My mother became depressed, I think she started to see it for what it was - living without kindness, without love, without reason, art and beauty.

My father, even now, sees it every now and again, but pushes it away. It's too hard to think so much has been wasted by thoughtless cruelty.

A friend once asked me what my childhood was like. I hadn't been keeping it a secret; it's finally starting to fade. I turned my heart inside out trying to explain it to someone who'd been well-loved, then left it as one word - fear.
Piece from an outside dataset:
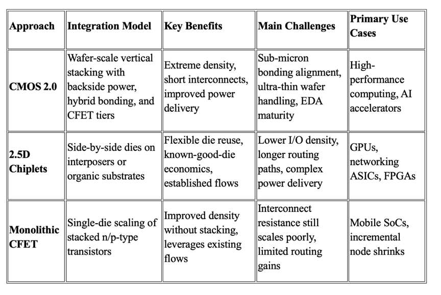CMOS 2.0 并非擴大規模的唯一策略。代工廠和系統公司也在大力投資其他替代方案,每種方案都有各自的優勢和利弊。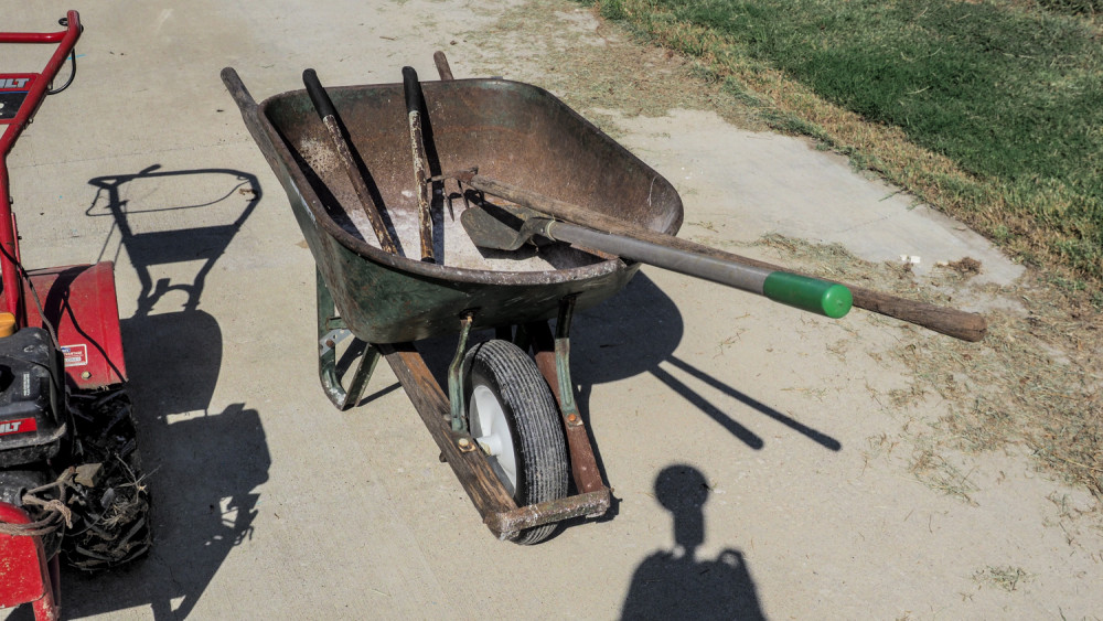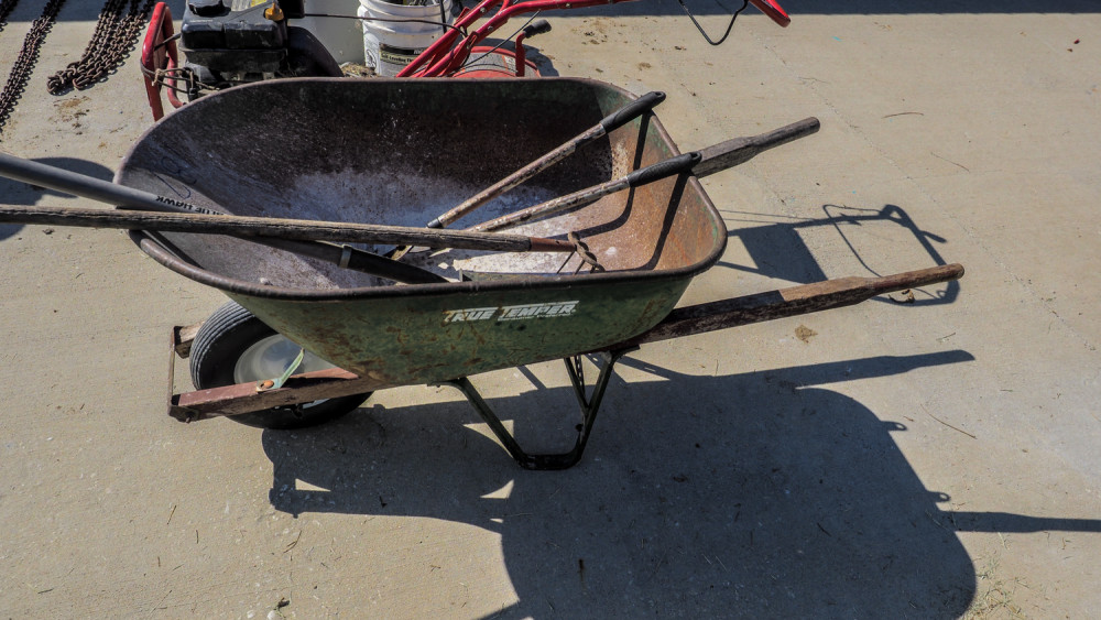 True temper wheelbarrow with Shovel, steel rake, limb trimmer.

My sister and I spent a night a few weeks ago trading stories. Only two years apart, and our experiences were so different. I told her about the early morning orthodontist appointment, trying to explain exactly how I fell in such a way as to drive my braces into my cheek, almost as though I'd been hit.

There were four of us, four children now adults, all still listening for what we never heard, what we never felt when we were young.

The oldest searching, always, for approval, seeking some sort of reward for self-denial. Like her father, endlessly critical, impatient with any fault. She looks for god because the gods of her childhood disappointed her so thoroughly.

Myself, the youngest girl, at 27, an uncertain lover, still asking "Can you love me?" , but always sure of the real answer. Taught to hate myself so completely, I can't bear the scrutiny of being wanted.

The oldest boy, now a bitter, confused manchild. Blame and anger seeps from every pore, and he deadens it with drugs, with danger.

The baby, he was never able to harden his soft spirit, so he pushes himself further and further away with every passing moment to save his heart, and seek his own approval.

I haven't lived with my father in more than a dozen years. How long do I live in the shadow of a childhood that should evaporate, pass like smoke through me? Now I reinvent myself, turning every fear into a question, asking, always asking, how to make a life of meaning and love. The best I've come up with is to tell myself not to waste any time telling people how unbelievably perfect and deserving of love they are. I try to let anger be only an experience, and kindness the rule. What else do I have?

Tuesday, October 23, 2007

My second favorite Irish man.



Okay, distant second.

Wednesday, October 10, 2007

If there is joy?

I have a special skill for avoiding things, it seems. Even now, the screen blank and staring before me, I rearrange my desk, pick up pieces of broken plastic, play songs I don't need to hear.

I've been wrecked by love.

And yet, I turn my hands to the sky and go again. It seems love burns out at me from the darkness but when I grasp, I come away with a handful of feathers, a few dusty curls.



I hope, that this time will the the last. That this fear, it will dissolve into him, be shriven from me finally. Self-hatred creeps, dark fingers clawing, and I wait, almost expectant, almost hoping for the truth, that this is the way.

Oh, but how my dreams dilate, expanding exponentially, his voice painting a bright streamer of desire. "Here" he says "is my heart in my hand, here is the world, here is everything and everything." and "Please, please, please."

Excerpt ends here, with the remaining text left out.